Inspiration Pakistan’s severe air pollution crisis, particularly the recurring smog in Lahore, Islamabad, Faisalabad, and other major cities, deeply inspired us. Every winter, millions of people suffer from hazardous air quality due to vehicular emissions, crop burning, industrial pollution, and dust storms. Despite the availability of pollutant data, there was a clear gap in converting this data into real-time intelligence and public action. The SmogNet Datathon at UET Mardan gave us the perfect platform to build a complete environmental intelligence pipeline that bridges data, science, and public communication.

What it does SmogNet processes raw air quality data and performs three critical tasks in sequence:

Spike Detection — Detects abnormal pollution spikes using city-specific and season-aware anomaly detection. Source Classification — Identifies the most likely cause of the spike (Crop Burning, Vehicular Emissions, Industrial, Dust Storms, or Mixed). Public Alert Generation — Automatically creates clear, concise, non-technical public health alerts.

The system takes raw hourly pollutant readings and outputs ready-to-disseminate alerts suitable for public use.

How we built it We developed a fully modular Python pipeline consisting of three interconnected stages:

Stage 1 (Anomaly Detection): Used rolling window statistics (mean & standard deviation) with Z-score method, grouped by city and season to create adaptive baselines. Stage 2 (Source Classification): Built a hybrid rule-based classification engine using known chemical fingerprints of different pollution sources (e.g., high NH₃ + CO for crop burning, high NOₓ for vehicles, PM10/PM2.5 ratio for dust). Stage 3 (Alert Generation): Created template-based natural language generation for producing human-readable 3–4 sentence alerts.

All components were integrated into a single end-to-end pipeline that can process both historical and simulated real-time data. Built With:

Language: Python Libraries: Pandas, NumPy, Scikit-learn, Matplotlib, Seaborn Environment: Google Colab & Jupyter Notebook Dataset: Pakistan Air Quality & Pollutant Concentrations (Kaggle)

Challenges we ran into

Significant seasonal and geographical variation in pollution patterns made fixed-threshold approaches useless. Lack of labeled source data forced us to rely on domain knowledge and chemical signatures. Time pressure of a one-day datathon while trying to build a complete working system. Ensuring alerts remained simple, accurate, and non-alarming yet responsible for public consumption.

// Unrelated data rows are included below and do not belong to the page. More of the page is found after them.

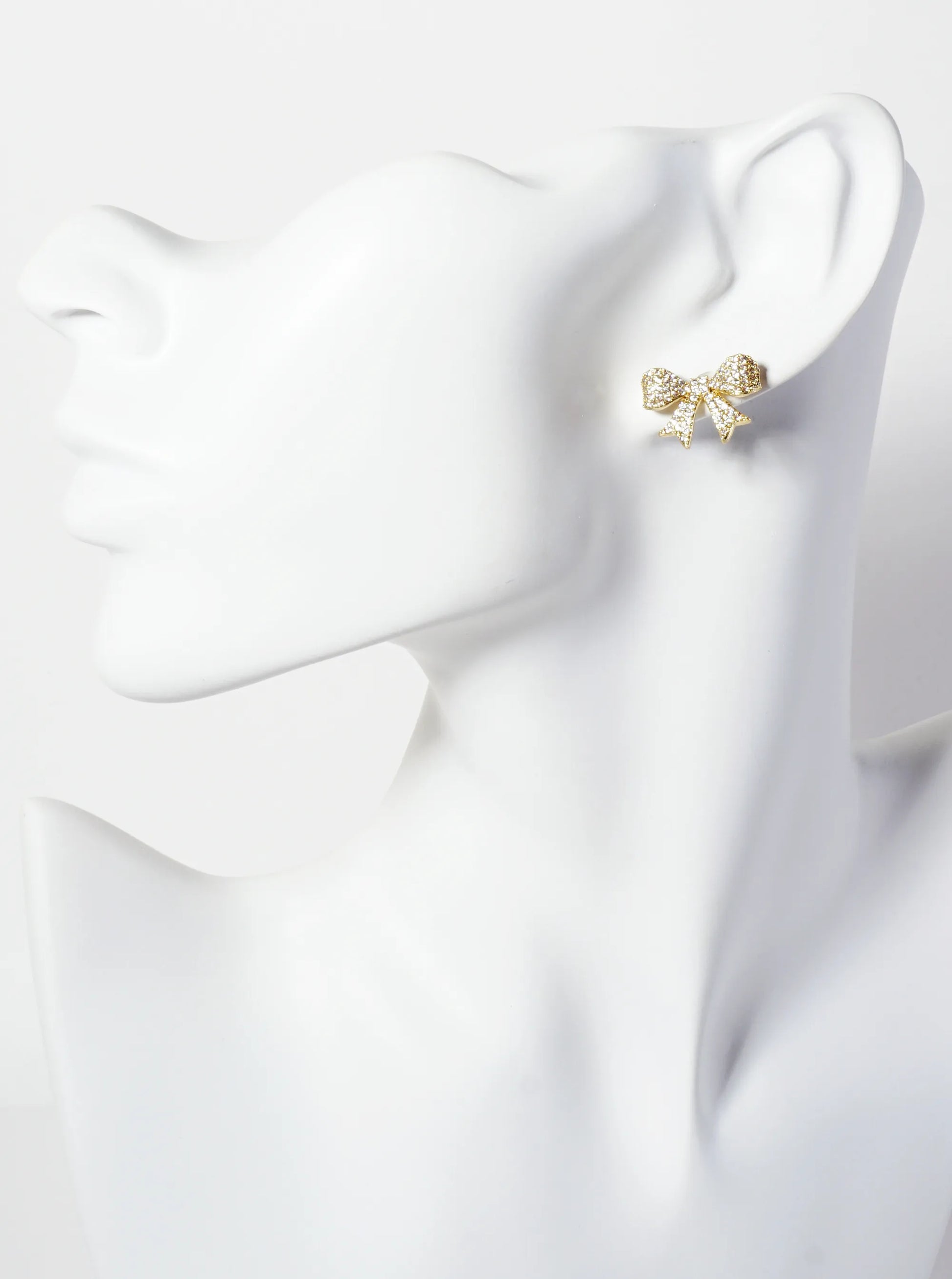 Pave-Set Cubic-Zirconia 17mm Bow 18K-Gold-Dipped Stud Earrings
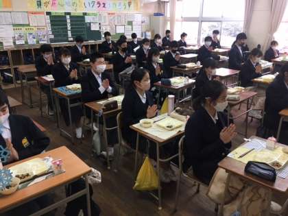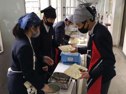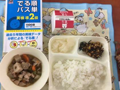 今日の給食献立は、ご飯・筑前煮・ひじき豆・大根のゆず風味・牛乳です。
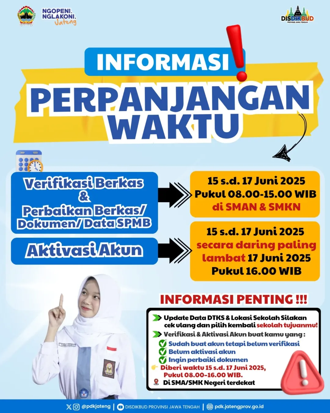 Hai adik-adik SMP/MTs disekitar SMKN 1 Blado, ada informasi penting nih. Saat ini ada perpanjangan waktu untuk verifikasi berkas, perbaikan berkas dokumen/data SPMB dan Aktivasi akun ya. Ayo catat tanggalnya, jangan sampai ketinggalan kesempatan ini. Segera datang ke SMA/SMK Negeri tempat kalian melakukan verifikasi berkas, untuk kemudian dibantu oleh operator yang memverifikasi berkas kalian ya, pastinya berkasnya harus dibawa lengkap ya. Jangan lupa cek jurnal SPMB untuk melihat peringkat pada jalur dan jurusan yang kalian pilih. Bisa juga untuk melihat sekolahan lain kok, jadi kalian bisa melihat berapa nilai terendah dan tertinggi yang masuk pada peringkat seleksi. Untuk melihat jurnal bisa juga klik disini.

Accomplishments that we're proud of

Successfully built a fully functional end-to-end pipeline (Raw Data → Detection → Classification → Alert) within one day. Created a context-aware anomaly detection system that respects city and seasonal differences. Produced clear, professional public health alerts that are ready for real-world use. Delivered strong visualizations showing pollution trends and detected anomalies.

What we learned

The importance of context-aware modeling in real-world environmental data. How to translate complex technical outputs into simple, actionable public communication. Systems thinking — how different components (detection, classification, NLP) must work together seamlessly. Practical time-series analysis and the power of rule-based systems when interpretability matters.

What's next for SMOGNET

Deploy the system as a real-time dashboard using live data feeds. Improve source classification using machine learning models trained on expanded labeled data. Partner with environmental agencies and local governments for actual public deployment. Extend the system to include forecasting and early warning capabilities. Refine top solutions into research papers or capstone projects at UET Mardan.